偉人か? 奇人か? 東洋のルソー・中江兆民

明治中期、自由民権運動の代表的思想家として活躍した中江兆民。

1847年生まれのフランスの思想家、ジャン=ジャック・ルソーを日本に紹介して、自由民権運動の理論的指導者となったことで知られている。

衆議院当選1回、第1回衆議院議員総選挙当選者のひとり。「東洋のルソー」として人々から賞賛を浴びたが、同時に奇妙な行動が絶えなかったことでも知られている。

酔っ払うことが平和主義?

平和主義を盾にした奇行の数々を紹介。

あるときは自由民権の集会に、印袢纏(しるしばんてん)に腹かけ、 股引き姿で現れ、人々を驚かせた。

またあるときは、 夏の暑さに耐えられず道ばたで水を浴びはじめたため、瞬く間に人だかりができ、危うく警官に逮捕されそうになったこともあった。

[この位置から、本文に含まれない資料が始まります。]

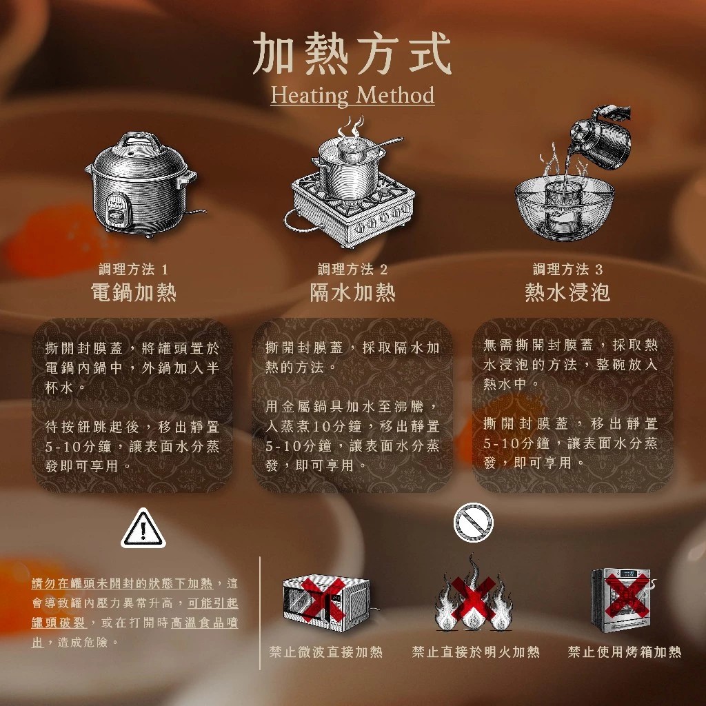 建議在開啟封膜蓋的情況下,將罐頭放置於電鍋內鍋中,外鍋加入半杯水。待按鈕跳起後,開蓋靜置5-10分鐘,讓表面水分蒸發,使其Q彈,即可享用。

「汚い格好も平民主義を示すため」と言えば聞こえはいいが、性格的に変わったところがあったのも確かである。

辞職の理由がアル中

兆民の奇行で特に多かったのが、酒にまつわるもの。

長酒を好んだといわれる彼は、酒の席で芸者たちにちょっかいを出すこともしばしば。

あるとき芸者たちが火鉢を囲んで談笑をしていたところに背後から忍び寄り、火鉢に小便をかけて驚く芸者たちを見ておもしろがっていたこともあったという

そして極めつけは議員辞職を宣言したときのコメント。

「自分はアルコール中毒にかかり、歩くのも困難で採決の列に並ぶこともできず、よって辞職します」

というもの。

公の場でアルコール中毒という言葉が使われたのはこれが初めてで

兆民自身も自分が酒にやられていたことを認めている。いくつもの奇行も単に酔っぱらっていただけなのかもしれない。